- WHAT YOU NEED TO DO -
For this exercise, please reproduce the records below word for word, from the first line through the line with "Выложить в чашу".
**** TASK INPUTS
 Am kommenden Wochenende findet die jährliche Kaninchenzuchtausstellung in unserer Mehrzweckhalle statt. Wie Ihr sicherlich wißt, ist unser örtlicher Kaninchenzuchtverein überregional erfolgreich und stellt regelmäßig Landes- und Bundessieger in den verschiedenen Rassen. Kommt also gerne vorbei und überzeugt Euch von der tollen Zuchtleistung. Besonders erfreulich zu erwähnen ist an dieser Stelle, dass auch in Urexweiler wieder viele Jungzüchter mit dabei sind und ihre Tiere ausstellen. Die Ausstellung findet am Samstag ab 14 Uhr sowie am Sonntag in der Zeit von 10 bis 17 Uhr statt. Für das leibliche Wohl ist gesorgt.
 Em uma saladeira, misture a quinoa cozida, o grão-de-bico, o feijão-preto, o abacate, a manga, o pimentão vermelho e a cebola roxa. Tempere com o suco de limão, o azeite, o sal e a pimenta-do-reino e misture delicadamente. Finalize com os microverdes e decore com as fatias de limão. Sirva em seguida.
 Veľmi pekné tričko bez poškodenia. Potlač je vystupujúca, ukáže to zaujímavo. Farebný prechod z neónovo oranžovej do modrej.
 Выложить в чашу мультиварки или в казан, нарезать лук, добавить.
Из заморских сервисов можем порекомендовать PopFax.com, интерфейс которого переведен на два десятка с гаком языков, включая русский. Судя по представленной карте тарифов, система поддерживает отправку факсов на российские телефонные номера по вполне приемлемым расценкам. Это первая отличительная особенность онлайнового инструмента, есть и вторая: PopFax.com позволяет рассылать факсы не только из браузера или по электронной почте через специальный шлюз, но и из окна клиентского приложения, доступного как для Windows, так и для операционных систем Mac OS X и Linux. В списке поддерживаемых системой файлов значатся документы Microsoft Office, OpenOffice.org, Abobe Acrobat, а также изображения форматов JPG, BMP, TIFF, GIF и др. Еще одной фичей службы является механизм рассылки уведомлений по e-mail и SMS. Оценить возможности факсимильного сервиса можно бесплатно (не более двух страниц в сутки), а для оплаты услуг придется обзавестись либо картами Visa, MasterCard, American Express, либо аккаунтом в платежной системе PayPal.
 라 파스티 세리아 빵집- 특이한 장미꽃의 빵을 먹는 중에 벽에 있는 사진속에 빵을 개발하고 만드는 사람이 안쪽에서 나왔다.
********
- YOUR SOLUTION -
 Am kommenden Wochenende findet die jährliche Kaninchenzuchtausstellung in unserer Mehrzweckhalle statt. Wie Ihr sicherlich wißt, ist unser örtlicher Kaninchenzuchtverein überregional erfolgreich und stellt regelmäßig Landes- und Bundessieger in den verschiedenen Rassen. Kommt also gerne vorbei und überzeugt Euch von der tollen Zuchtleistung. Besonders erfreulich zu erwähnen ist an dieser Stelle, dass auch in Urexweiler wieder viele Jungzüchter mit dabei sind und ihre Tiere ausstellen. Die Ausstellung findet am Samstag ab 14 Uhr sowie am Sonntag in der Zeit von 10 bis 17 Uhr statt. Für das leibliche Wohl ist gesorgt.
 Em uma saladeira, misture a quinoa cozida, o grão-de-bico, o feijão-preto, o abacate, a manga, o pimentão vermelho e a cebola roxa. Tempere com o suco de limão, o azeite, o sal e a pimenta-do-reino e misture delicadamente. Finalize com os microverdes e decore com as fatias de limão. Sirva em seguida.
 Veľmi pekné tričko bez poškodenia. Potlač je vystupujúca, ukáže to zaujímavo. Farebný prechod z neónovo oranžovej do modrej.
 Выложить в чашу мультиварки или в казан, нарезать лук, добавить.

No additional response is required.